Él volvió la cabeza más deprisa de lo que Lydia esperaba. Aunque llevaba un ojo tapado, y la mitad inferior del rostro cubierta por la poblada barba negra, compuso un gesto inequívoco de sorpresa, y abrió mucho la boca, mostrando al hacerlo unos pocos dientes grandes, que destacaban más aún en el páramo de sus encías desoladas.

– Dobriy vecher. Buenas noches, Liev Popkov -le dijo Lydia en ruso, poniendo en práctica lo que había ensayado largo rato-. Quiero hablar con usted.

Tuvo que gritar para hacerse oír entre aquella multitud vociferante, y por un momento no supo si él la había oído siquiera, o si la había entendido, pues todo lo que hizo fue parpadear en silencio y seguir observándola con su único ojo oscuro.

– Seichas -le instó ella-. Ahora.

Él posó la mirada en los perros. Una arteria había sido seccionada, y la sangre canina inundaba el gélido aire nocturno. De su expresión no podía deducirse nada, de modo que Lydia no sabía si iba a salirse con la suya, pero entonces él, sin el menor esfuerzo, se abrió paso entre la masa de hombres que le rodeaban, y se desplazó hasta el muro que cerraba el patio. El lugar estaba muy oscuro, y olía a humedad.

– Hablas nuestra lengua -masculló él.

– La hablo mal -respondió Lydia en ruso.

Él se apoyó en la pared, esperando a que ella siguiera hablando, y ella no pudo evitar imaginar que el muro se derrumbaba bajo su peso. Visto de cerca, parecía aún mayor, y tenía que echar la cabeza hacia atrás para verle la cara. En un primer momento, eso era todo lo que veía: sus descomunales proporciones, que eran precisamente lo que le interesaba de él. Llevaba un sombrero de cosaco, de piel comida por la polilla, que le cubría a medias los rizos negros, y un abrigo largo y acolchado que apestaba a grasa y que le llegaba hasta los pies. Mascaba algo. ¿Qué? ¿Tabaco? ¿Carne seca de perro? No tenía ni idea.

– Necesito tu ayuda.

Las palabras, pronunciadas en ruso, acudieron a su lengua con más facilidad de la que esperaba.

– Pochemu? ¿Por qué?

– Porque estoy buscando a alguien.

Escupió al suelo lo que fuera que estaba mascando.
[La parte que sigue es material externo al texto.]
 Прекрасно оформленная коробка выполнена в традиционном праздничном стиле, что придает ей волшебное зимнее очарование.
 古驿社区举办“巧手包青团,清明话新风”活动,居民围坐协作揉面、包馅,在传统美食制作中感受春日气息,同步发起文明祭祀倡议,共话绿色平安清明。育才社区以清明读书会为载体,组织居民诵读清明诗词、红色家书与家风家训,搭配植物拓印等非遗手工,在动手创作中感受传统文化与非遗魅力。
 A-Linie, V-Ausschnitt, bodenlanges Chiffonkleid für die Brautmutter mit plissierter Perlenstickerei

– Tú eres la dyevochka que me causó problemas. Con la policía. -Se expresaba con voz ronca, despacio. Ella no sabía si era su forma de hablar, o si se esforzaba para que ella lo entendiera en una lengua que todavía le costaba un esfuerzo-. ¿Por qué tendría que ayudarte precisamente a ti?
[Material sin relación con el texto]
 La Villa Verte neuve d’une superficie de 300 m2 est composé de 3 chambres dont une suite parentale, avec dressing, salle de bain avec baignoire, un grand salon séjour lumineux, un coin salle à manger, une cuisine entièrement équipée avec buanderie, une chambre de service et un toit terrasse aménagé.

Ella abrió la mano, y le mostró los doscientos dólares que Alfred le había dado.

Capítulo 30

Liev Popkov no hablaba, y ella tampoco. Sin embargo, se mantenían muy juntos, rozándose incluso en algunos momentos. El uno al lado de la otra, se echaban hacia delante, luchando contra el viento gélido que ascendía por el río Peiho. A Lydia le dolían los pulmones del esfuerzo.

– Aquí -murmuró él.

Se refería a una calle estrecha que, serpenteante, se alejaba de los muelles por la izquierda. Era gris, estaba adoquinada y desprendía un hedor fuerte a agallas de pescado podrido. Lydia asintió. La mano de su acompañante, ancha como una pala, la atrajo hacia sí, hasta que ni una rendija de luz invernal se coló entre ellos, hasta que su cuerpo pasó a ser una extensión más de aquel oso grasiento e inmenso. Aquel hombre tenía en ella un efecto curioso: la hacía sentirse grande, atrevida, valiente. Los ojos hostiles que los miraban ya no le daban escalofríos, y cuando uno de los estibadores chinos alargó una mano para tocarla, Liev levantó un brazo sin esfuerzo y le dio con el codo en la cara. Hueso roto, sangre y gritos agudos. Lydia contempló el desastre y se sintió mal. Habían seguido avanzando sin hablar. Liev era hombre de pocas palabras.

Durante sus primeras incursiones por los muelles, ella había intentado hablarle en su precario ruso, pero sólo había recibido gruñidos por respuesta. O silencio. Finalmente se acostumbró. Le resultaba más fácil concentrarse en las caras que pululaban por el ajetreado puerto y en los hutongs resbaladizos, más fácil esquivar a los miles de porteadores que transportaban pesadas montañas de quién sabía qué, bien en los cubos, bien en las cestas que colgaban en ambos extremos de la vara. Más fácil era fijarse dónde ponía los pies.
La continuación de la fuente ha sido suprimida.